28.4 K-fold cross-validation
Cross-validation consists of repeating the procedure such that the training and testing sets are different each time. Generalization performance metrics are collected for each repetition and then aggregated. As a result we can get an estimate of the variability of the model’s generalization performance.
k-fold cross-validation (aka k-fold CV) is a resampling method that randomly divides the training data into k groups (aka folds) of approximately equal size.
The model is fit on \(k-1\) folds and then the remaining fold is used to compute model performance. This procedure is repeated k times; each time, a different fold is treated as the validation set. This process results in k estimates of the generalization error (say \(\epsilon_1, \epsilon_2, \dots, \epsilon_k\)). Thus, the k-fold CV estimate is computed by averaging the k test errors, providing us with an approximation of the error we might expect on unseen data.
In practice, one typically uses k=5 or k=10. There is no formal rule as to the size of k; however, as k gets larger, the difference between the estimated performance and the true performance to be seen on the test set will decrease.
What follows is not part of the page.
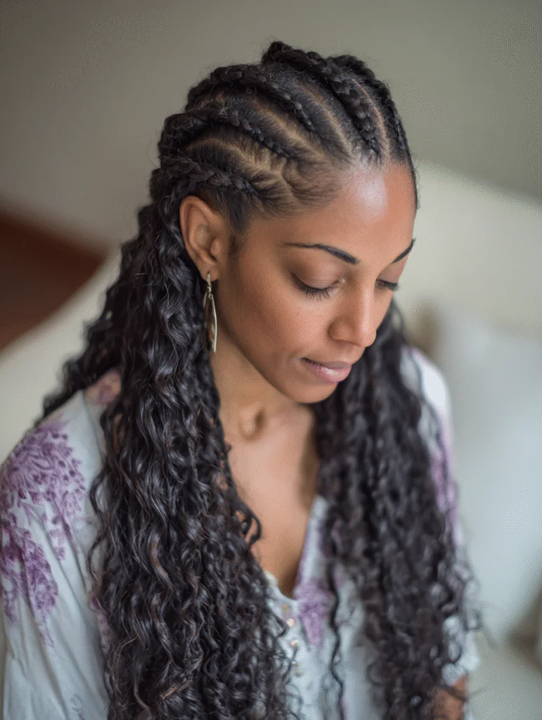 Goddess cornrows mix tight scalp braids with long, loose curls woven between sections. The stylist starts with neat cornrows, then adds wavy strands to soften the overall look. This creates a blend of structure and movement that feels relaxed without losing definition.

To implement k-fold CV we first make a resampling object. In this example we we create a 10-fold resampling object.
We can now create our random forest model object and create a workflow object as we did in the previous lesson. To fit our model across our 10-folds we just use fit_resamples()
.
# create our random forest model object
rf_mod <- rand_forest() %>%
set_mode('regression')
# add model object and our formula spec to a workflow object
rf_wflow <- workflow() %>%
add_model(rf_mod) %>%
add_formula(Sale_Price ~ .)
# fit our model across the 10-fold CV
rf_fit_cv <- rf_wflow %>%
fit_resamples(kfolds)
We can then get our average 10-fold cross validation error with collect_metrics()
:
collect_metrics(rf_fit_cv)
## # A tibble: 2 × 6
## .metric .estimator mean n std_err .config
## <chr> <chr> <dbl> <int> <dbl> <chr>
## 1 rmse standard 25978. 10 898. Preprocessor1_Model1
## 2 rsq standard 0.902 10 0.00787 Preprocessor1_Model1
If we want to see the model evaluation metric (i.e. RMSE) for each fold we just need to unnest the rf_fit_cv
object.
We have not discussed nested data frames but you can read about them here
rf_fit_cv %>%
unnest(.metrics) %>%
filter(.metric == 'rmse')
## # A tibble: 10 × 7
## splits id .metric .estimator .estimate .config
## <list> <chr> <chr> <chr> <dbl> <chr>
## 1 <split [1845/206]> Fold01 rmse standard 26210. Preprocessor…
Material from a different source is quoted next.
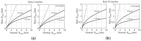 LiDARs transmitting in the 905 nm and 1550 nm wavebands will be heavily affected by Mie scattering from rain. Figure 9 shows the visibility deterioration on LiDAR during different rain intensities []. As can be observed from Figure 9a, LiDAR visibility in clear conditions, which should have been ~2 km at these wavebands, has been deteriorated to approximately 1.2 km for the 905 nm band and 0.9 km for the 1550 nm band in 2 mm/h rain. When the rain rate increases to 25 mm/h, the 2 km visibility drops to 0.7 km and 0.45 km for wavelengths 905 nm and 1550 nm, respectively, as illustrated in Figure 9b. The wetness of the target decreases the visibility by an additional addend of 0.1 km. However, within the range of 250 m usually required for rangefinders on AVs, LiDAR susceptibility to rain is not as noticeable until more severe rain rates occur, as shown in Figure 10 [].

## 2 <split [1846/205]> Fold02 rmse standard 22089. Preprocessor…
## 3 <split [1846/205]> Fold03 rmse standard 30512. Preprocessor…
## 4 <split [1846/205]> Fold04 rmse standard 26106. Preprocessor…
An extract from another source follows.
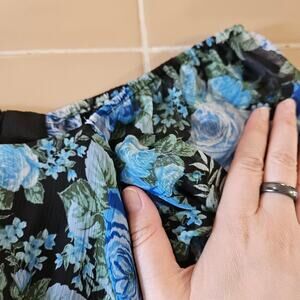 New with Tags! WAYF Floral Square Neck Cut Out Back Smocked Back Peplum Cropped Top Size Large, Lined, Sheer Long Sleeves with Elastic Cuffs, Elastic Waist, Blue Roses Print, 100% Polyester. boho, fairy, whimsigoth, romantic

## 5 <split [1846/205]> Fold05 rmse standard 25095. Preprocessor…
## 6 <split [1846/205]> Fold06 rmse standard 24337. Preprocessor…
## 7 <split [1846/205]> Fold07 rmse standard 23586. Preprocessor…
## 8 <split [1846/205]> Fold08 rmse standard 30650. Preprocessor…
## 9 <split [1846/205]> Fold09 rmse standard 27256. Preprocessor…
## 10 <split [1846/205]> Fold10 rmse standard 23935. Preprocessor…
## # ℹ 1 more variable: .notes <list>
28.5 Hyperparameter tuning
Given two different models (blue line) to the same data (gray dots), which model do you prefer?
The image above illustrates the fact that prediction errors can be decomposed into two main subcomponents we care about:
- error due to “bias”
- error due to “variance”
28.5.1 Bias
Error due to bias is the difference between the expected (or average) prediction of our model and the correct value which we are trying to predict.
It measures how far off in general a model’s predictions are from the correct value, which provides a sense of how well a model can conform to the underlying structure of the data.
High bias models (i.e. generalized linear models) are rarely affected by the noise introduced by new unseen data
28.5.2 Variance
Error due to variance is the variability of a model prediction for a given data point.
Many models (e.g., k-nearest neighbor, decision trees, gradient boosting machines) are very adaptable and offer extreme flexibility in the patterns that they can fit to. However, these models offer their own problems as they run the risk of overfitting to the training data.
Although you may achieve very good performance on your training data, the model will not automatically generalize well to unseen data.
Many high performing models (i.e. random forests, gradient boosting machines, deep learning) are very flexible in the patterns they can conform to due to the many hyperparameters they have. However, this also means they are prone to overfitting (aka can have high variance error).
28.5.3 Hyperparameters
Hyperparameters (aka tuning parameters) are the “knobs to twiddle” to control the complexity of machine learning algorithms and, therefore, the bias-variance trade-off.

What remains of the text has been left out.